Sustainable land use organization

The Forests Dialogue (TFD) is an autonomous, unincorporated organization hosted by Yale University School of Forestry and Environmental Studies. TFD was created in 1998 to provide international leaders in the forest sector with an ongoing, multi-stakeholder dialogue (MSD) platform and process focused on developing mutual trust, shared understanding, and collaborative solutions to challenges in achieving sustainable forest management and forest conservation around the world.

== Purpose and mission ==
TFD's stated purpose is to contribute to sustainable land and resource use, the conservation and sustainable management of forests, and improved livelihoods by helping people engage and explore difficult issues, find collaborative solutions, and make positive changes.
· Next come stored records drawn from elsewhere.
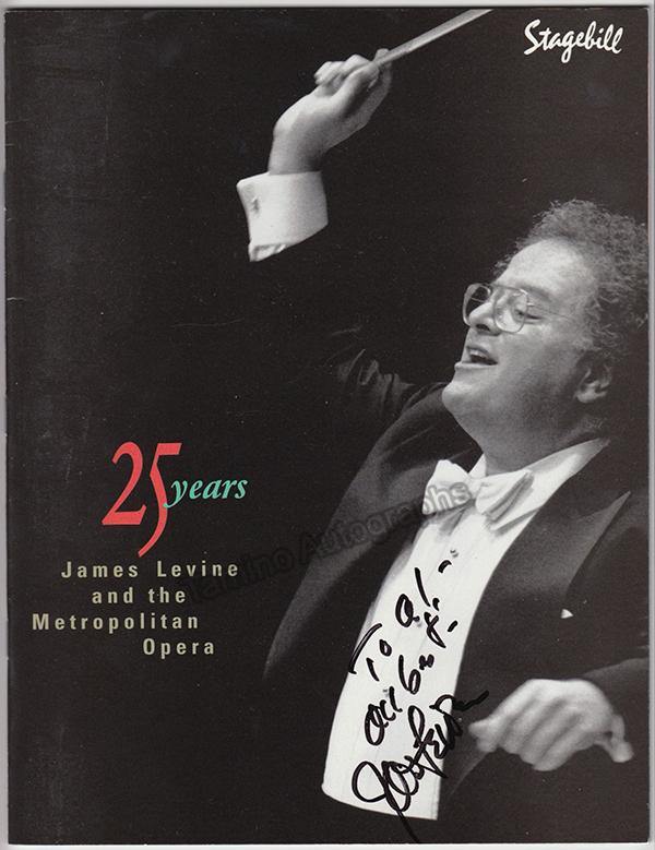 Program for a gala performance celebrating the famous American conductor's 25th anniversary with the Metropolitan Opera, in New York, April 27th, 1996; signed and inscribed by him on the front cover.  Program is full of photographs and articles related to the life and works of the conductor.  Size is 8.25 x 10.75 inches, 48 pages plus covers, in excellent condition.
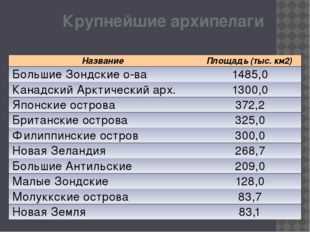 Описание слайда:Крупнейшие архипелаги Название Площадь(тыс. км2) БольшиеЗондскиео-ва 1485,0 Канадский Арктический арх. 1300,0 Японские острова 372,2 Британские острова 325,0 Филиппинские остров 300,0 Новая Зеландия 268,7 Большие Антильские 209,0 МалыеЗондские 128,0 Молуккские острова 83,7 Новая Земля 83,1
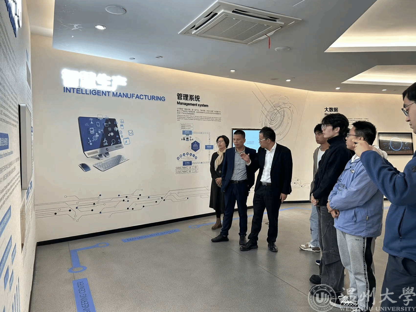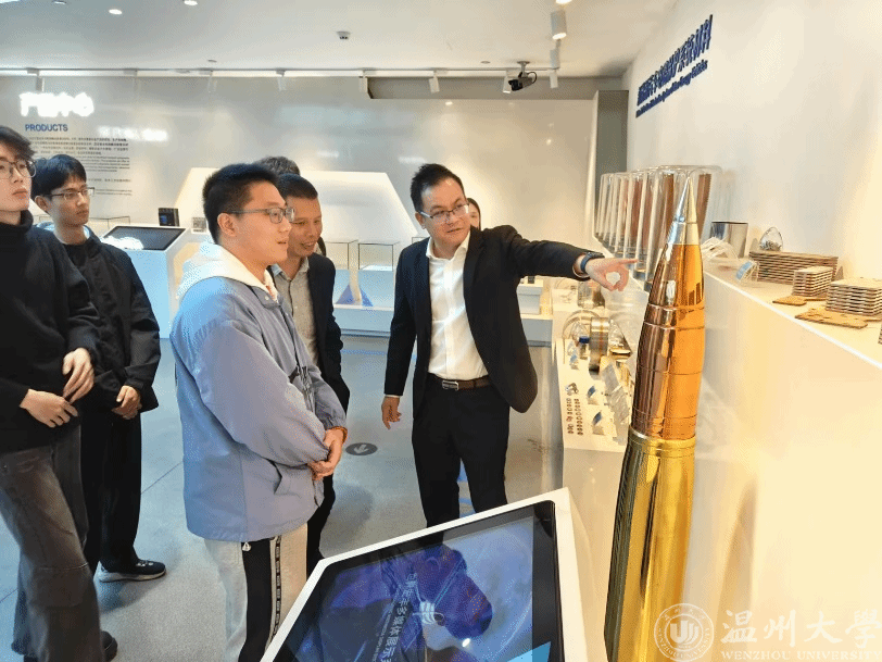参观结束后,师生一行与温州宏丰企业人员进行了深入座谈。座谈会上,温州宏丰电工合金股份有限公司的瞿经理详细介绍了企业的发展历程、核心业务和人才需求。她提到,企业的发展离不开温州地方高校的支持,而高校培养出的高素质人才正是企业持续创新发展的动力源泉。她还表示,希望未来能够与温州大学在人才培养、技术研发等方面开展更加紧密的合作,实现互利共赢。
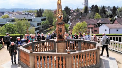 Die Kurzwanderer blieben dann im Stadt-Cafe Trölsch zu einer gemütlichen Kaffeerunde. Später brachte sie der Bus zur Gaststätte. Der andere Teil der Gruppe hatte aber noch eine Wanderung zum Engelbergturm vor sich. Über den Weg der Erinnerungen ging es zur KZ-Gedenkstätte alter Autobahntunnel. Nach einer kurzen Rast machten wir uns auf den Weg zum Engelbergturm. Einige hatten noch die Ausdauer die 123 Stufen zu bewältigen und wurden über den tollen Ausblick rund um den Engelberg belohnt. Der gemeinsame Abschluss in der Gaststätte am Engelbergturm rundete die Busausfahrt für diesen Nachmittag ab. Diesmal waren von der BFL 4 Wanderfreunde dabei. Die Wanderführer Gerhard Schlagbauer-Lux und Klaus Merkle bedanken sich für die rege Teilnahme.

TFD's mission is to pursue their purpose through constructive dialogue processes among all key stakeholders, based on mutual trust, enhanced understanding and commitment to change. TFD's dialogues are reportedly designed to build relationships and to spur collaborative action on the highest priority issues facing the world's forests.

== Process ==
Each TFD Dialogue consists of three phases where in the initiating phase the key issues are identified, and existing perspectives and information are shared. In the second phase consensus on the main challenges surrounding the key issues is reached and in the final stage TFD actively promotes and facilitates stakeholder actions that lead to collaborative solutions with impact on policy and on the ground.
As part of this process, TFD leads 2–4 day multi-stakeholder dialogues that usually have a field component with visits to sites under dispute followed by a discussion component in a nearby major city.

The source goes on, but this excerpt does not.